Nextera-based transposon pipeline.

Analyzes paired-end sequence data that was prepared using a Nextera-based protocol. Sequence reads are expected to have the following structure:

Mate 1:
    [Genomic]

Mate 2:
    [Transposon][Genomic]

Here, transposon refers to the flanking part of the transposon sequence and genomic refers to the genomic DNA located between the transposon sequence and the used adapt sequence. Note that the adapter itself is not sequenced and therefore not part of the reads. However, the end of Mate 1 is considered to terminate at the adapter and as such represents the breakpoint between the genomic DNA and the adapter.

The pipeline essentially performs the following steps:

Mates are trimmed to remove the transposon sequence, dropping any reads not containing the transposon.
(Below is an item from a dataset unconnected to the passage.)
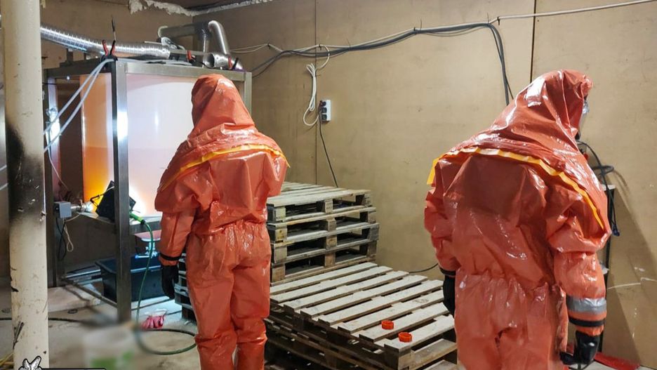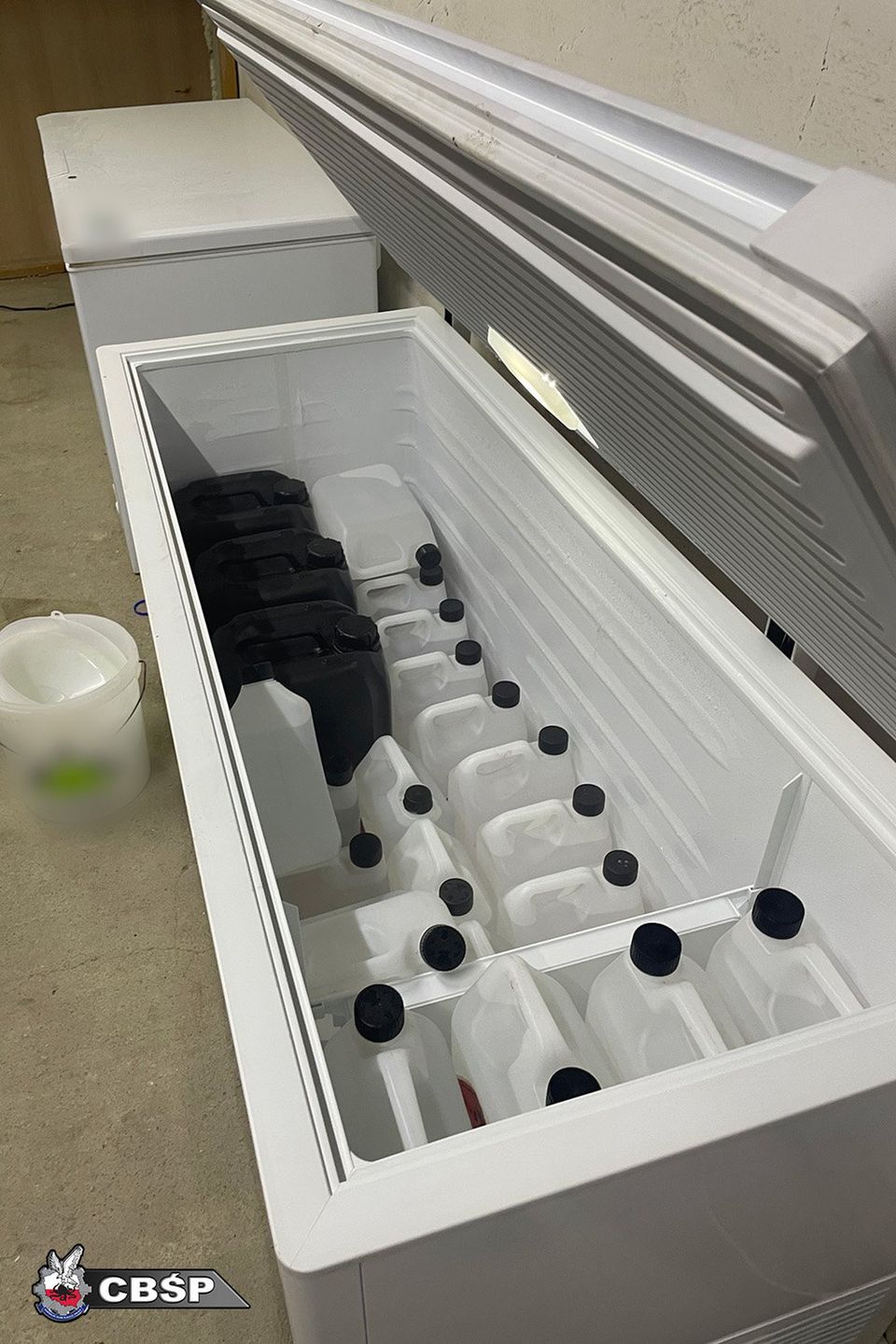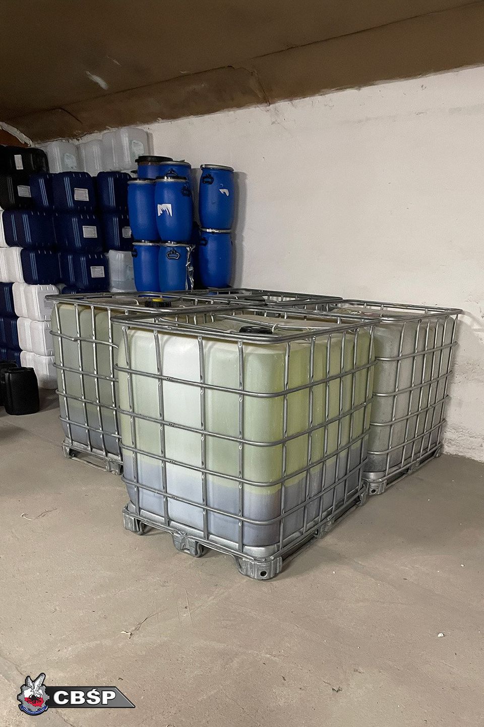 Podczas przeszukania pomieszczeń magazynowych i mieszkalnych policjanci ujawnili specjalistyczną aparaturę oraz kompletną linię technologiczną służącą do produkcji narkotyków. Skala znaleziska była ogromna – zabezpieczono ponad 700 kilogramów klefedronu w postaci płynnej oraz 70 kilogramów w formie skrystalizowanej. Według wstępnych szacunków czarnorynkowa wartość tych substancji wynosi ponad 4 mln zł.

The remaining mates are trimmed to remove any sequences from the Nextera transposase.

The trimmed mates are aligned to the reference genome.

The resulting alignment is used to identify insertions.

Parameters:

transposon_path (Path) – Path to the (flanking) transposon sequence (fasta).
bowtie_index_path (Path) – Path to the bowtie index.
bowtie_options (Dict[str, Any]) – Dictionary of extra options for Bowtie.
min_length (int) – Minimum length for genomic reads to be kept for alignment.
min_support (int) – Minimum support for insertions to be kept in the final output.
min_mapq (int) – Minimum mapping quality of alignments to be used for identifying insertions.
merge_distance (int) – Maximum distance within which insertions are merged. Used to merge insertions that occur within close vicinity, which is typically due to slight variations in alignments.
threads (int) – The number of threads to use for the alignment.